Using iterative fragment assembly and progressive sequence truncation to facilitate phasing and crystal structure determination of distantly related proteins

Abstract

Molecular replacement (MR) often requires templates with high homology to solve the phase problem in X-ray crystallography. I-TASSER-MR has been developed to test whether the success rate for structure determination of distant-homology proteins could be improved by a combination of iterative fragmental structure-assembly simulations with progressive sequence truncation designed to trim regions with high variation.

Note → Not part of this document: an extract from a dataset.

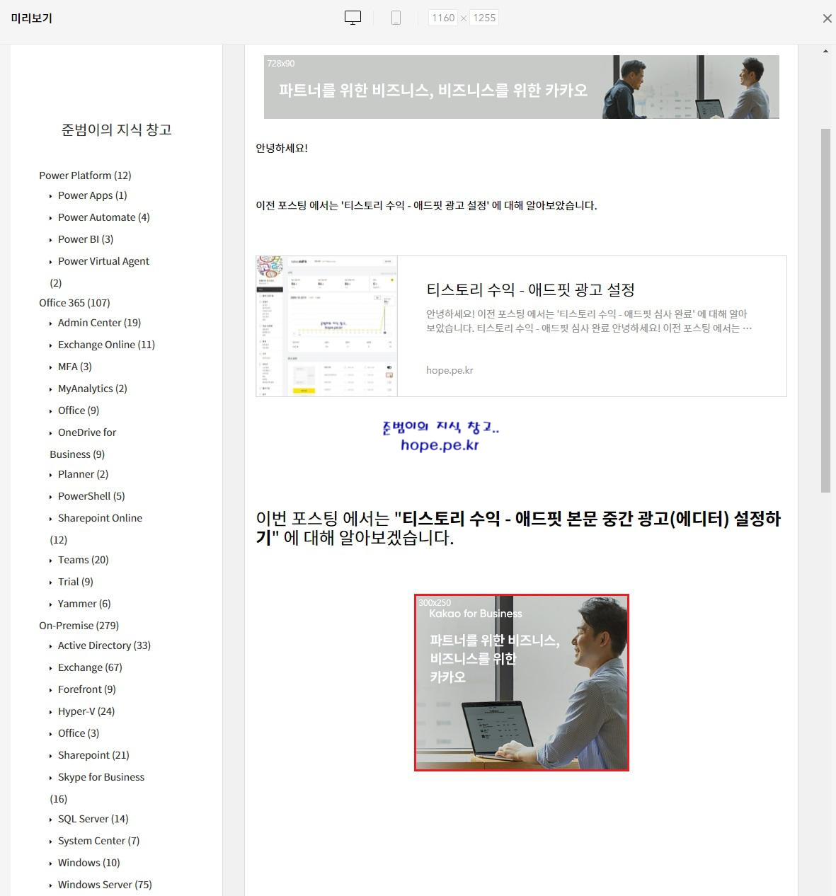 미리보기 화면에서, '애드핏 본문 중간 광고(에디터)' 의 위치를 확인합니다.

The pipeline was tested on two independent protein sets consisting of 61 proteins from CASP8 and 100 high-resolution proteins from the PDB. After excluding homologous templates, I-TASSER generated full-length models with an average TM-score of 0.773, which is 12% higher than the best threading templates. Using these as search models, I-TASSER-MR found correct MR solutions for 95 of 161 targets as judged by having a TFZ of >8 or with the final structure closer to the native than the initial search models. The success rate was 16% higher than when using the best threading templates. I-TASSER-MR was also applied to 14 protein targets from structure genomics centers. Seven of these were successfully solved by I-TASSER-MR. These results confirm that advanced structure assembly and progressive structural editing can significantly improve the success rate of MR for targets with distant homology to proteins of known structure.

Keywords: I-TASSER; X-ray crystallography; molecular replacement; protein structure prediction; threading.

Figure 1

Flow chart of I-TASSER-MR. The target sequence is first threaded through nonredundant structures from the PDB library to identify structure templates (column 1), with three-dimensional full-length models constructed by iterative fragment-reassembly simulations (column 2). The structure models are progressively edited based on AVS, which demarks poorly predicted regions (column 3), and the resulting models are used in a standard MR search by Phaser followed by automated model building and refinement with phenix.autobuild (column 4).

Figure 2

Illustration of progressive truncation in I-TASSER-MR. (a) Superposition of the initial I-TASSER model (blue) and the experimental structure (cyan; PDB entry 3d89). The structure regions with a high AVS score selected for truncation by I-TASSER-MR are marked in red. The r.m.s.d., PBS and GDT-TS score of the two structures were 2.76 Å (821 atoms), 1.78 Å (821 atoms) and 0.66, respectively. (b) Overlay of the I-TASSER-MR solution (blue) generated without model truncation on the experimental 2m|F _o| − D|F _c| σ_A-weighted map calculated by the EDS contoured at 2σ. (c) Superposition of the final I-TASSER-MR structure solved using model truncation (blue) and the experimental structure. The r.m.s.d., PBS and GDT-TS scores of the structure were 0.95 Å (809 atoms), 0.24 Å (809 atoms) and 0.74, respectively. (d) Overlay of the successful truncated I-TASSER-MR structure (blue) and the experimental electron density.

Figure 3

Impact of B-factor assignment on MR solutions. (a) Superposition of PDB entry 2tnf (yellow) with I-TASSER-MR-generated solutions with constant (green, left panel) or AVS-based (red, right panel) B-factor schemes, which are overlaid on a 2m|F _o| − D|F _c| σ_A-weighted map calculated by the EDS contoured at 2σ. (b) Superposition of the native structure of PDB entry 3dcp (yellow) with I-TASSER-MR-generated solutions with a constant (green, left panel) or ASA-based (red, right panel) B-factor setting, which are overlaid on the corresponding electron-density map.

Figure 4

Typical distribution of residue truncations. (a) Superposition of the initial I-TASSER model (blue) and the native structure (cyan) of PDB entry 3dfa. Truncated residues are highlighted in red for the initial I-TASSER model; the analogous residues in the deposited structure are in green. The r.m.s.d., PBS and GDT-TS scores of the two structures are 2.98 Å (1761 atoms), 2.36 Å (1761 atoms) and 0.68, respectively. (b) Superposition of the I-TASSER-MR model and the experimental structure. The r.m.s.d., PBS and GDT-TS score of the two structures are 0.74 Å (1430 atoms), 0.24 Å (1430 atoms) and 0.63, respectively. (c) Overlay of the I-TASSER-MR structure (blue) on the 2m|F _o| − D|F _c| σ_A-weighted map contoured at 2σ.

Figure 5

Success rate of I-TASSER-MR at different levels of truncation. The x axis indicates the percentage of residues in the search model after model truncation, normalized by the target length.

Figure 6

Scatter plots of the resolution of the diffraction data for the 95 successful protein targets. The x axis shows the percentage of the sequence remaining in the search models for the successful MR solution. Each point represents one successful solution from a target protein at a specific truncation, whereby one protein can have multiple successful MR solutions at different truncations.

Figure 7

Correlation of MR with the C-score of the I-TASSER models. Histogram of the C-score of the I-TASSER models (light bars) and the average success rate of I-TASSER-MR in each C-score range (dark bars).